** DATA follows **

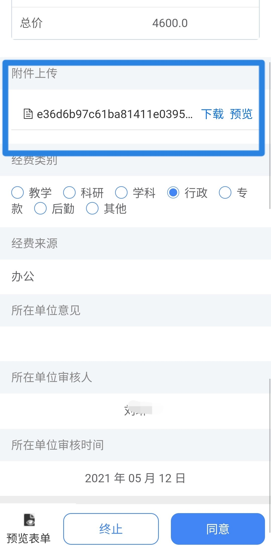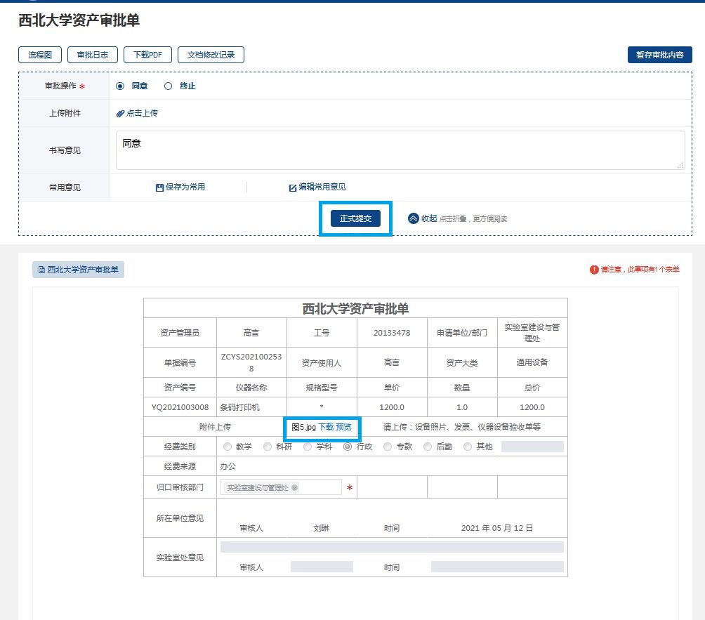 使用单位负责人登录网上办事大厅审核,在线查看附件设备信息,审批通过后将根据资产大类自动提交至相应归口管理部门进行验收单审批。
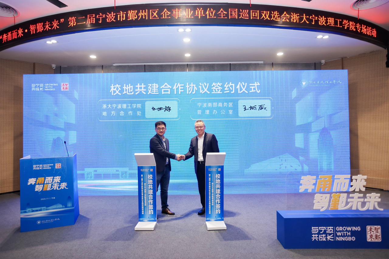 活动现场,宁波南部商务区管理办公室与威斯尼斯人1488cc官网地方合作处达成校地共建合作,推动实现鄞州区和威斯尼斯人1488cc官网更深层次、更高水平、更宽领域的融合发展。在合作协议的框架下,双方将共同推进产学研合作,加强人才培养和技术创新,实现双方优势互补,共同打造区域发展新高地。
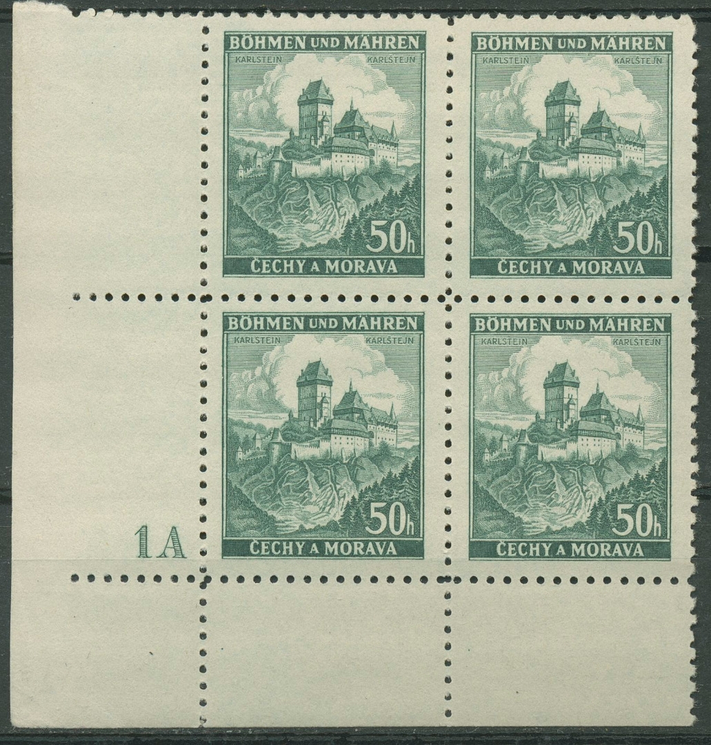 Böhmen & Mähren 1939 Eckrand-4er-Block 100er-Bogen 26 Pl.-Nr. 1A postfrisch
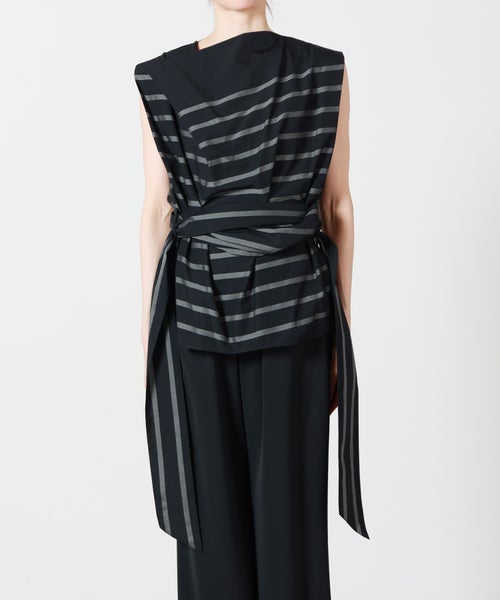 【HYKE(ハイク)】 STRIPE COWL NECK SLEEVELESS BLOUSE
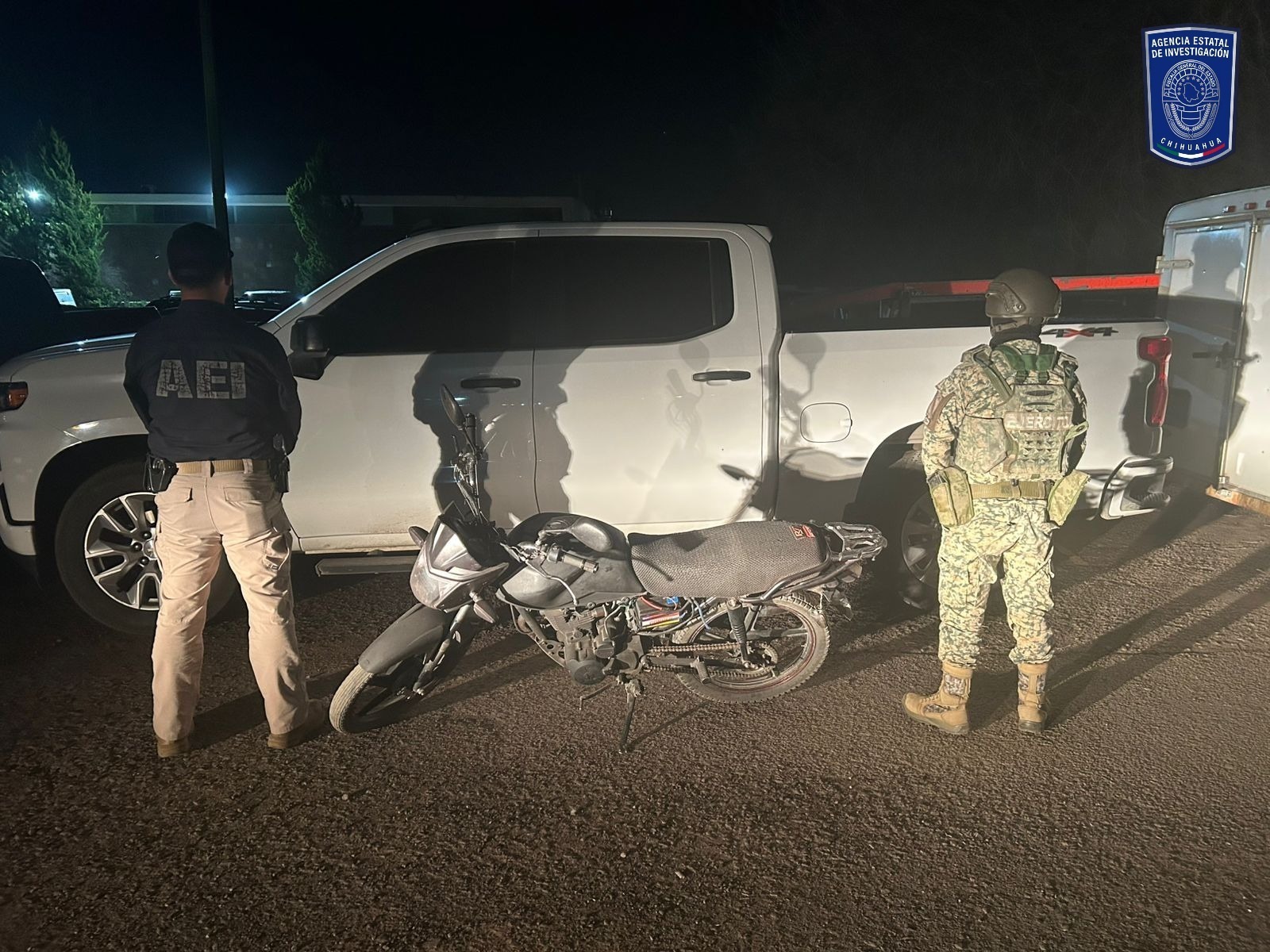 Elementos de la Agencia Estatal de Investigación, quienes participan junto con personal del Ejército Mexicano en el operativo de prevención y vigilancia, detuvieron a Luis Arturo R. Q., de 27 años en posesión de una motocicleta con reporte de robo.
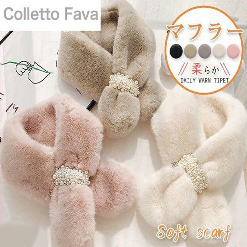 ファーマフラー デザイン レディース かわいい パールアクセサリー付き 暖かい 軽量 肌触り柔らか 大判 80×10cm マフラー ストール ネックウォーマー 上品 エレガント 防寒 黒 白ブラック ホワイト ピンク グレー ベージュ ブラウン おしゃれ 韓国ファッション 秋 冬 [K](T)

** End of DATA **

INSTRUCTIONS FOR THE TASK: Every entry is to be reproduced word for word, and no image is carried over.

RESPONSE BOX:
 使用单位负责人登录网上办事大厅审核,在线查看附件设备信息,审批通过后将根据资产大类自动提交至相应归口管理部门进行验收单审批。
 活动现场,宁波南部商务区管理办公室与威斯尼斯人1488cc官网地方合作处达成校地共建合作,推动实现鄞州区和威斯尼斯人1488cc官网更深层次、更高水平、更宽领域的融合发展。在合作协议的框架下,双方将共同推进产学研合作,加强人才培养和技术创新,实现双方优势互补,共同打造区域发展新高地。
 Böhmen & Mähren 1939 Eckrand-4er-Block 100er-Bogen 26 Pl.-Nr. 1A postfrisch
 【HYKE(ハイク)】 STRIPE COWL NECK SLEEVELESS BLOUSE
 Elementos de la Agencia Estatal de Investigación, quienes participan junto con personal del Ejército Mexicano en el operativo de prevención y vigilancia, detuvieron a Luis Arturo R. Q., de 27 años en posesión de una motocicleta con reporte de robo.
 ファーマフラー デザイン レディース かわいい パールアクセサリー付き 暖かい 軽量 肌触り柔らか 大判 80×10cm マフラー ストール ネックウォーマー 上品 エレガント 防寒 黒 白ブラック ホワイト ピンク グレー ベージュ ブラウン おしゃれ 韓国ファッション 秋 冬 [K](T)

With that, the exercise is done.